Makmum juga tidak diwajibkan membaca bacaan ruku’ seperti bacaan imamnya.
* JIKA IMAMNYA BANGKIT BERDIRI DARI RUKU’ , MAKA SEMUA MAKMUM HARUS BANGKIT BERDIRI DARI RUKU’. TETAPI SIFAT ATAU CARA BERDIRINYA TIDAK HARUS SAMA DENGAN IMAMNYA.
Artinya : Jika imamnya ketika bangkit berdiri mengangkat tangan tinggi tinggi serta memandang ke atas , maka makmumnya tidak wajib mengikuti cara berdiri imam yang salah tersebut.
* JIKA IMAMNYA SUJUD , MAKA MAKMUM HARUS SUJUD, TETAPI SIFAT ATAU CARA SUJUDNYA TIDAK MESTI SAMA DENGAN IMAMNYA.
Artinya : jika imamnya sujud dengan tidak meletakkan hidungnya di bumi , maka makmum tidak wajib mengikuti cara sujud yang salah dari imamnya tersebut.
Makmum juga tidak diwajibkan membaca bacaan sujud seperti bacaan imamnya.
* JIKA IMAMNYA DUDUK , MAKA SEMUA MAKMUMNYA HARUS DUDUK , TETAPI SIFAT DUDUKNYA TIDAK HARUS SAMA DENGAN IMAMNYA.
Artinya : jika imamnya duduk tahiyyat akhir dengan cara iftirasy , maka makmumnya tidak wajib mengikuti cara duduk dari imamnya tersebut.
Jika imamnya batuk , makmum tidak perlu ikut batuk mengikuti imamnya.
Jika imamnya bersin , makmum tidak perlu ikut bersin bersama sama.
Jika imamnya menggaruk badannya , makmum tidak perlu ikut menggaruk badannya.
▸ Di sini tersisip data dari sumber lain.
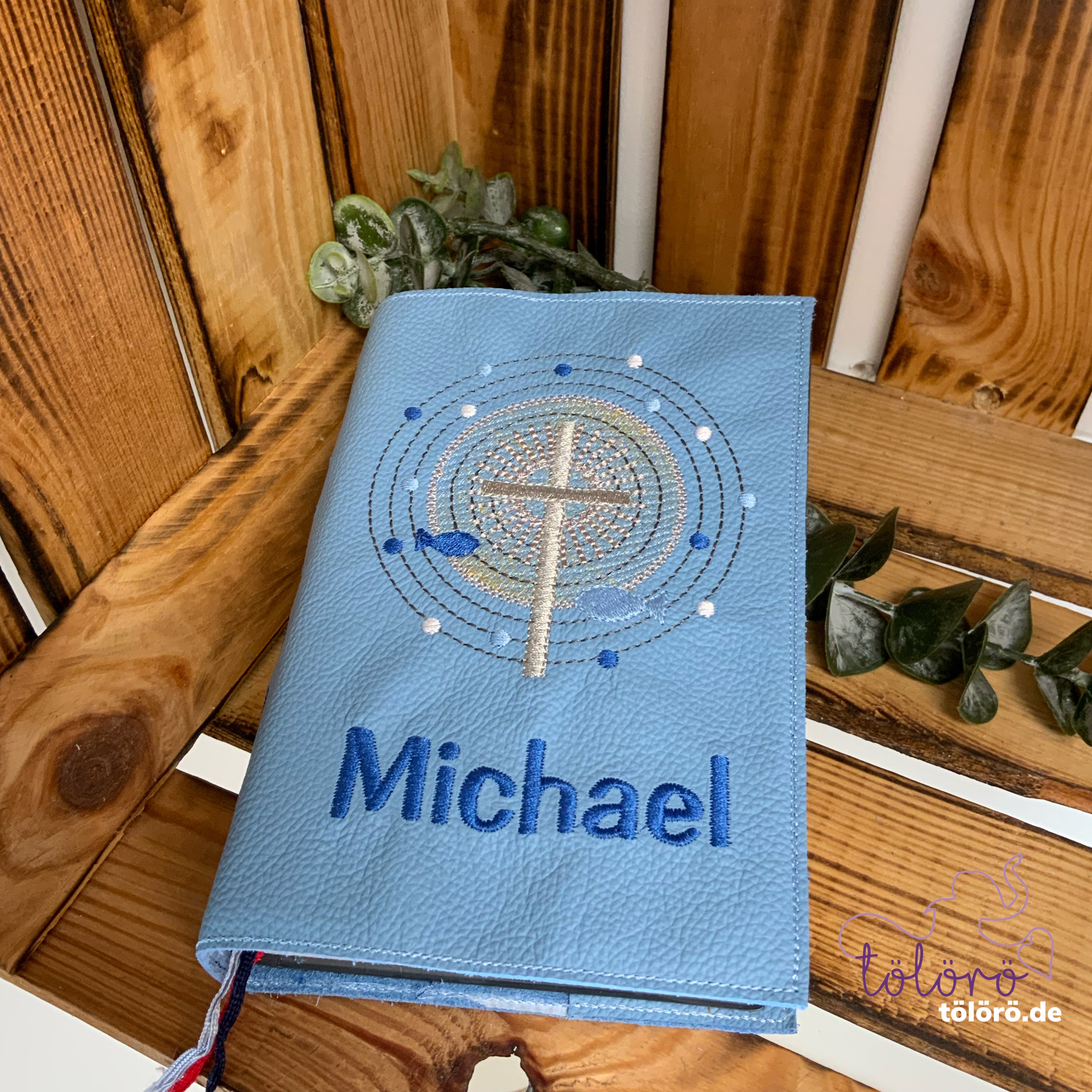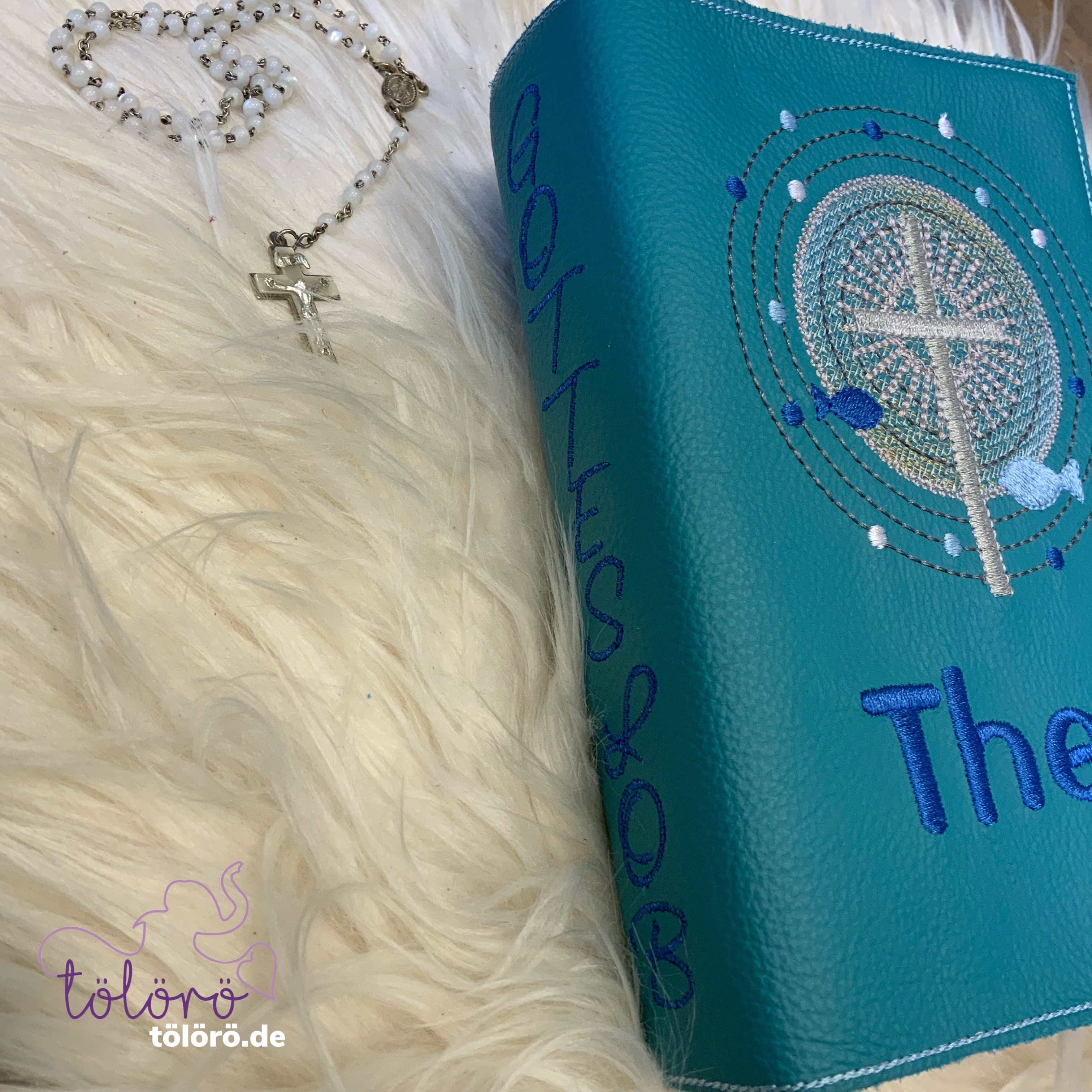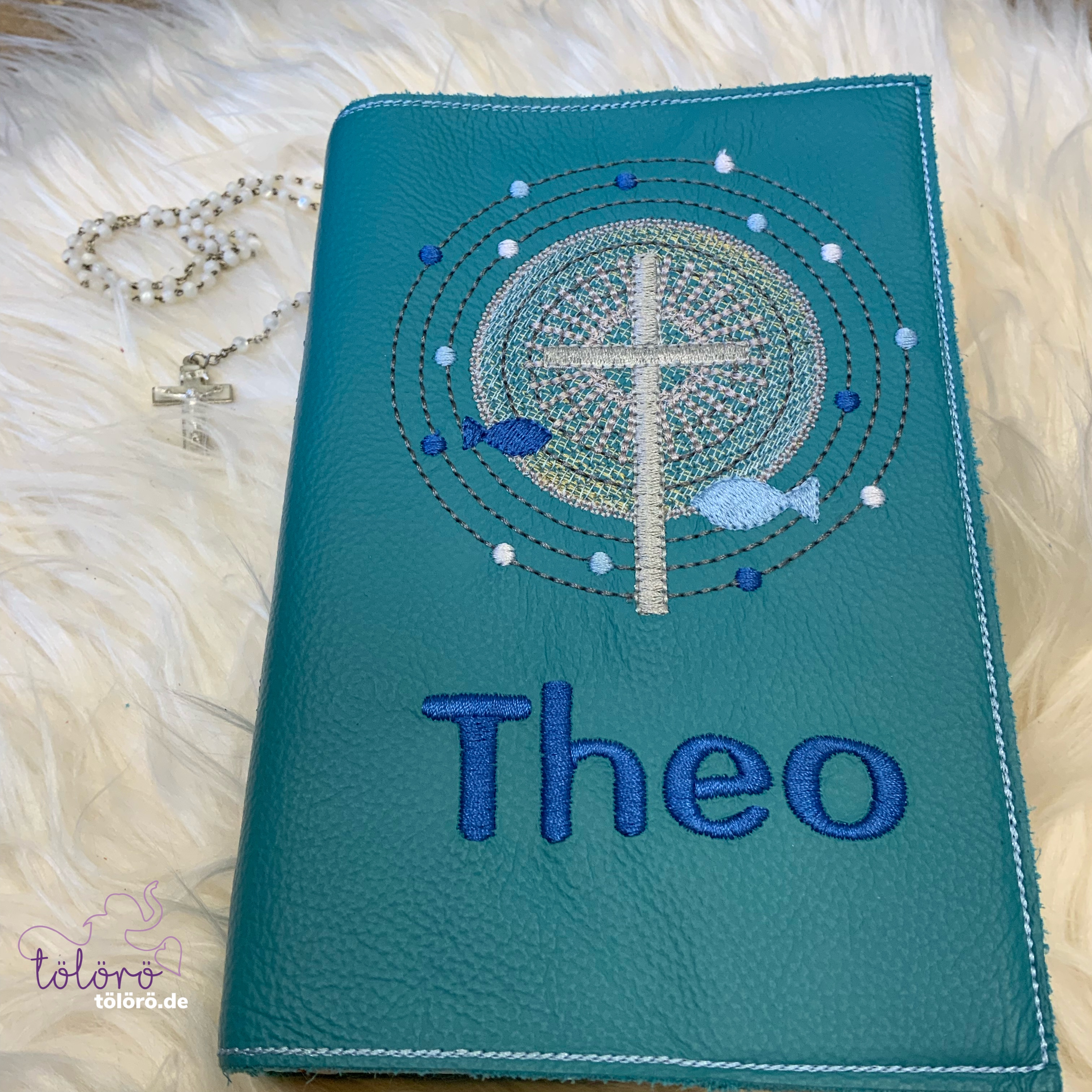 Gotteslobhülle Kreuz mit großem Lichtkreis und Fische petrol

Jika imamnya banyak menggoyangkan tubuh ketika berdiri , maka makmum tidak perlu mengikutinya.
Demikian seterusnya.
Dalilnya :
عَنْ أَبِى هُرَيْرَةَ أَنَّ رَسُولَ اللَّهِ -صلى الله عليه وسلم- قَالَ « إِنَّمَا الإِمَامُ لِيُؤْتَمَّ بِهِ فَلاَ تَخْتَلِفُوا عَلَيْهِ فَإِذَا كَبَّرَ فَكَبِّرُوا وَإِذَا رَكَعَ فَارْكَعُوا وَإِذَا قَالَ سَمِعَ اللَّهُ لِمَنْ حَمِدَهُ. فَقُولُوا اللَّهُمَّ رَبَّنَا لَكَ الْحَمْدُ. وَإِذَا سَجَدَ فَاسْجُدُوا وَإِذَا صَلَّى جَالِسًا فَصَلُّوا جُلُوسًا أَجْمَعُونَ
Bersumber dari Abu Hurairah r.a dia berkata : Nabi saw bersabda :
Sesungguhnya imam itu tidak lain adalah untuk diikuti. Maka janganlah kalian menyelisihinya
Apabila imam bertakbir , hendaknya kalian bertakbir.
Apabila imam ruku’ , maka hendaknya kalian ruku’.
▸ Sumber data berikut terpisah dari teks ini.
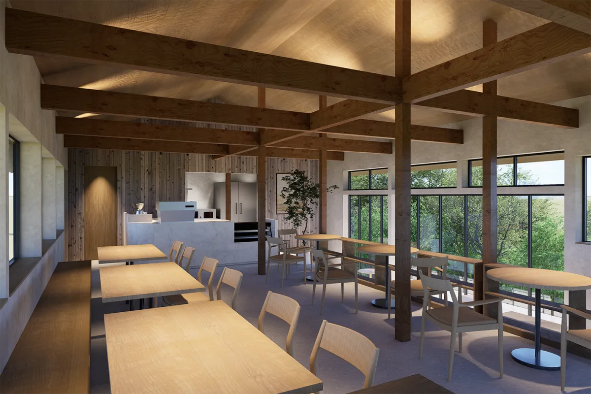 「HARUKA Coffee & Table」は、地域の人々や観光客が集まる開放的な場所として設計されています。移転先の建物は元々「東屋」として利用され、宿泊客や地元住民がふらっと立ち寄れる自由な空間が魅力です。このカフェでは、北海道産の木材を贅沢に使用した温かみのあるインテリアが特徴で、訪れる人々が自然を感じられるような設計が施されています。自然と調和した環境の中で、ゆったりとした時間を過ごすことができるでしょう。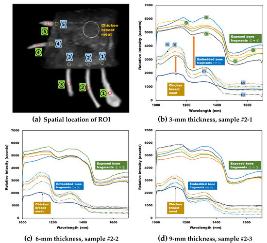 Table 2 shows the number of pixels (spectra) collected when the ROI for each part was extracted in a circular shape, as shown in Figure 6a. Therefore, the ROI pixels were collected from 5 exposed bone fragments, 5 embedded bone fragments, and 1 chicken breast meat for each of the 3 samples. The ROI pixels extracted from the exposed bone fragments were collected from a minimum of 16 pixels to a maximum of 36 pixels for each bone fragment thickness. The ROI extraction location of the embedded bone fragments under the chicken breast meat was roughly estimated and collected. The ROI range of chicken breast was extracted in a relatively wider region rather than the sum of the 5 exposed bone fragments, and a minimum 187 pixels to a maximum of 209 pixels were collected.

Apabila imam mengucapkan “sami’ Allahu liman hamidah , maka hendaknya kalian menjawab : Allahumma Rabbanaa lakal hamdu
Apabila imam sujud , maka hendaknya kalian sujud.
Apabila imam shalat dengan duduk , maka hendaknya kalian semuanya shalat dengan duduk.
Hadits shahih riwayat Al Bukhari Kitabul Adzan bab 74 no 722
Muslim Kitabush Shalah bab 19 no 414 (ini adalah lafadznya).
عَنْ أَنَسِ بْنِ مَالِكٍ أَنَّهُ قَالَ خَرَّ رَسُولُ اللَّهِ - صلى الله عليه وسلم - عَنْ فَرَسٍ فَجُحِشَ فَصَلَّى لَنَا قَاعِدًا فَصَلَّيْنَا مَعَهُ قُعُودًا ، ثُمَّ انْصَرَفَ فَقَالَ « إِنَّمَا الإِمَامُ - أَوْ إِنَّمَا جُعِلَ الإِمَامُ - لِيُؤْتَمَّ بِهِ ، فَإِذَا كَبَّرَ فَكَبِّرُوا ، وَإِذَا رَكَعَ فَارْكَعُوا ، وَإِذَا رَفَعَ فَارْفَعُوا ، وَإِذَا قَالَ سَمِعَ اللَّهُ لِمَنْ حَمِدَهُ . فَقُولُوا رَبَّنَا لَكَ الْحَمْدُ . وَإِذَا سَجَدَ فَاسْجُدُوا
Bersumber dari Anas bin Malik r.a , sesungguhnya dia berkata :
Rasulullah saw terjatuh dari kuda dan beliau saw terluka.
Lalu Nabi saw melakukan shalat menjadi imam bagi kami dengan cara duduk, maka kami juga melakukan shalat bersamanya dengan duduk.
Ketika selesai dari shalatnya , Nabi saw bersabda :
Sesungguhnya , tidaklah imam itu – atau : tidaklah seseorang dijadikan imam – melainkan untuk diikuti.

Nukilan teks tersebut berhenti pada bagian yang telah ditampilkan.